**Action item**
Excluding pictures, reproduce word for word the lines from the one containing "This design uses" through the end of the material below.

**Exercise data**

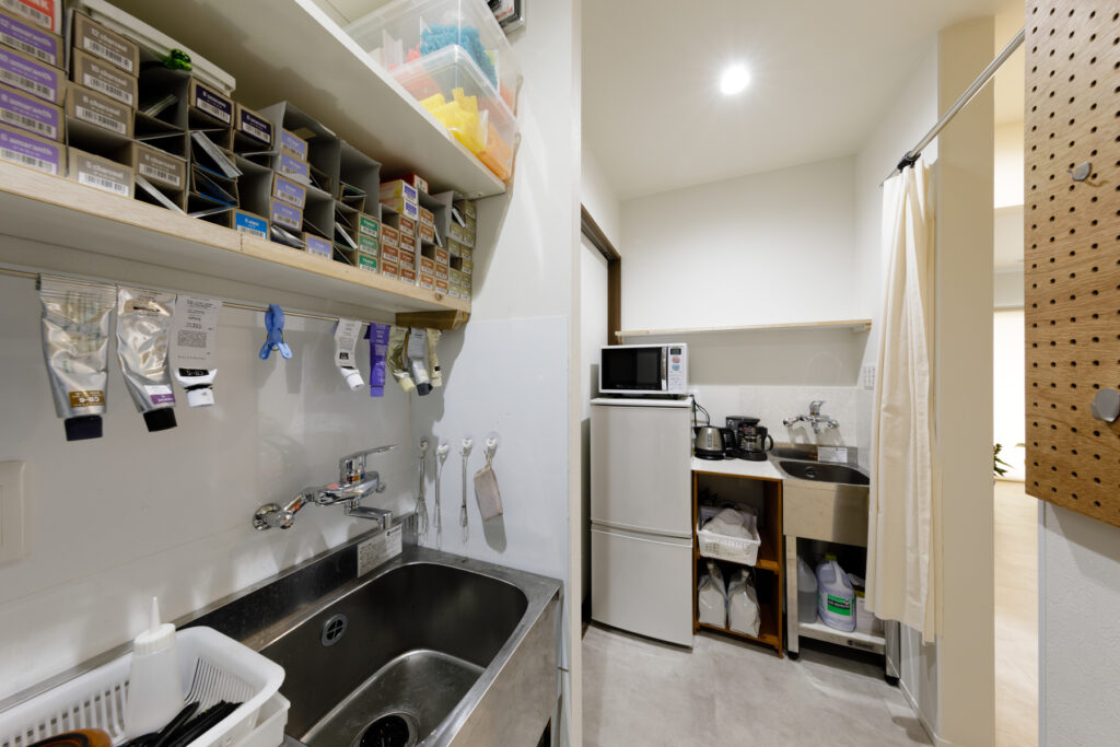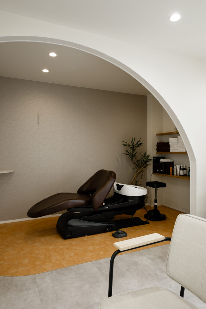 ワンフロアにシャンプー台とスタイリングチェアを配した、無駄のないシンプルな空間。プライベートサロンとして、お客さま一人ひとりに寄り添う施術を大切にしています。削ぎ落とされた構成が心地よさを生み、清潔感のある空間が自然とリラックスへと導きます。機能性と美しさを兼ね備えた設計です。
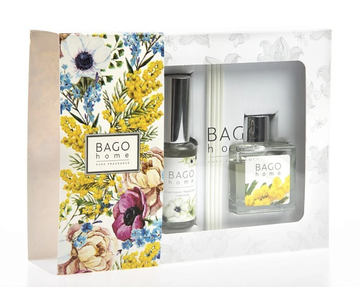 BAGO home Набор ароматический (Диффузор + Спрей) - Сладковато-медовый аромат цветущей мимозы.
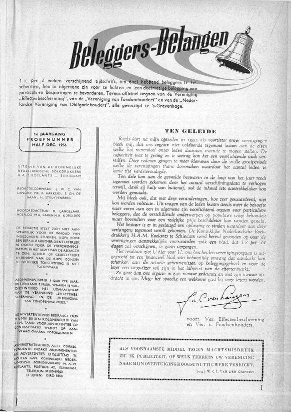 ‘Ons bescheiden verenigingsorgaan is uitgegroeid tot een financieel blad van behoorlijke omvang dat aandacht kan schenken aan de actuele gebeurtenissen op beleggingsgebied en voor de lezer een wegwijzer wil zijn in het labyrint van de effectenwereld.’ Aldus het ‘Ten Geleide’ van de hand van de voorzitter van de Vereniging van Effectenbescherming en de Vereeniging van Fondsenhouders in het proefnummer van Beleggers-Belangen, half december 1956.
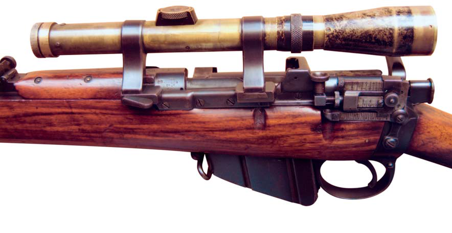 裝備最廣泛的英國狙擊步槍,Mk III SMLE步槍,帶有偏移式PPCo瞄準鏡座,本例中採用了Aldis瞄準鏡。事實證明,這種偏移式設計一直很麻煩,但直到戰爭結束後,P14(T)步槍問世時,這種設計才得到糾正。
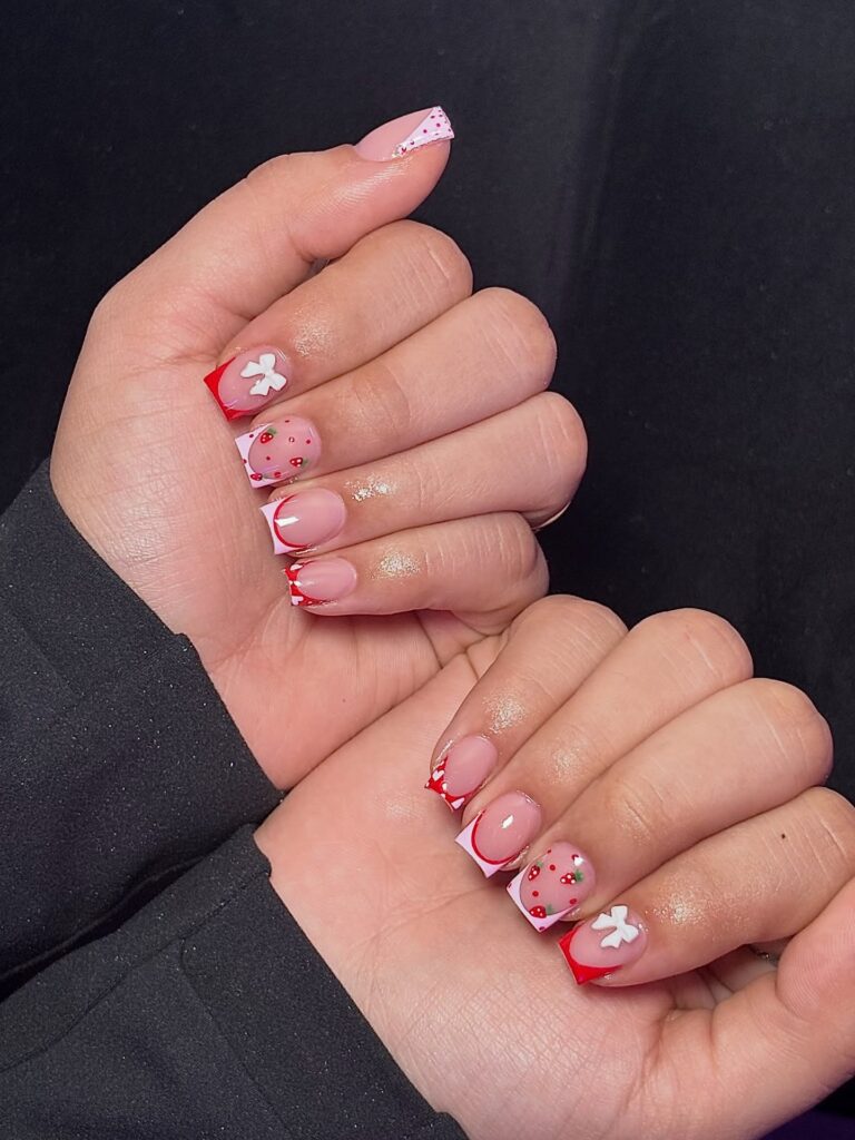 This design uses a nude base with red French tips and playful strawberry nail art. The small patterns give a fun and youthful look.
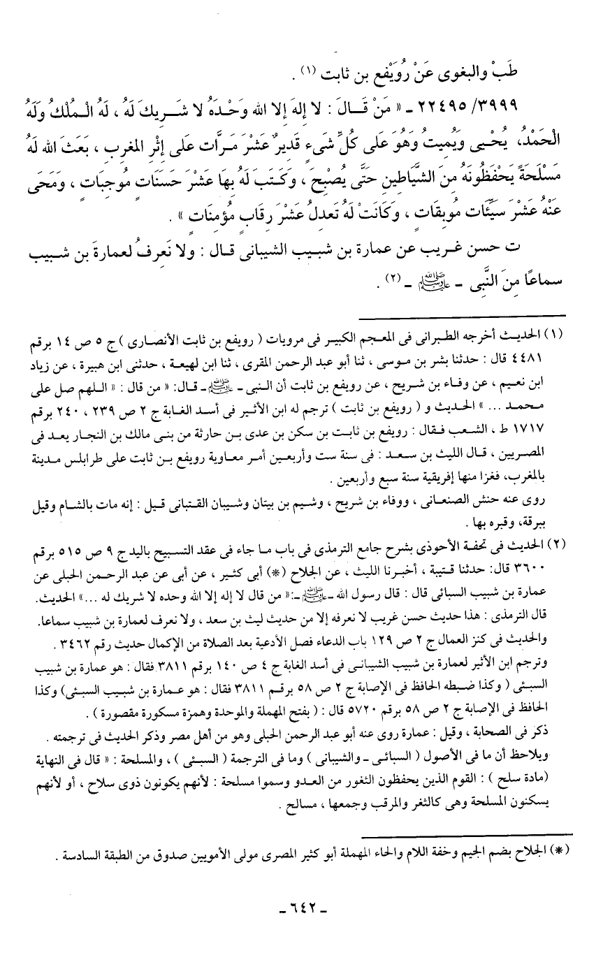 (¬2) الحديث في تحفة الأحوذي بشرح جامع الترمذي في باب ما جاء في عقد التسبيح باليد ج 9 ص 515 برقم 3600 قال: حدثنا قتيبة، أخبرنا الليث، عن الجلاح (*) أبي كثير، عن أبي عن عبد الرحمن الحبلى عن عمارة بن شبيب السبائى قال: قال رسول الله - صَلَّى الله عليه وسلم -: "من قال لا إله إلا الله وحده لا شريك له ... " الحديث.

**Response below**
 This design uses a nude base with red French tips and playful strawberry nail art. The small patterns give a fun and youthful look.
 (¬2) الحديث في تحفة الأحوذي بشرح جامع الترمذي في باب ما جاء في عقد التسبيح باليد ج 9 ص 515 برقم 3600 قال: حدثنا قتيبة، أخبرنا الليث، عن الجلاح (*) أبي كثير، عن أبي عن عبد الرحمن الحبلى عن عمارة بن شبيب السبائى قال: قال رسول الله - صَلَّى الله عليه وسلم -: "من قال لا إله إلا الله وحده لا شريك له ... " الحديث.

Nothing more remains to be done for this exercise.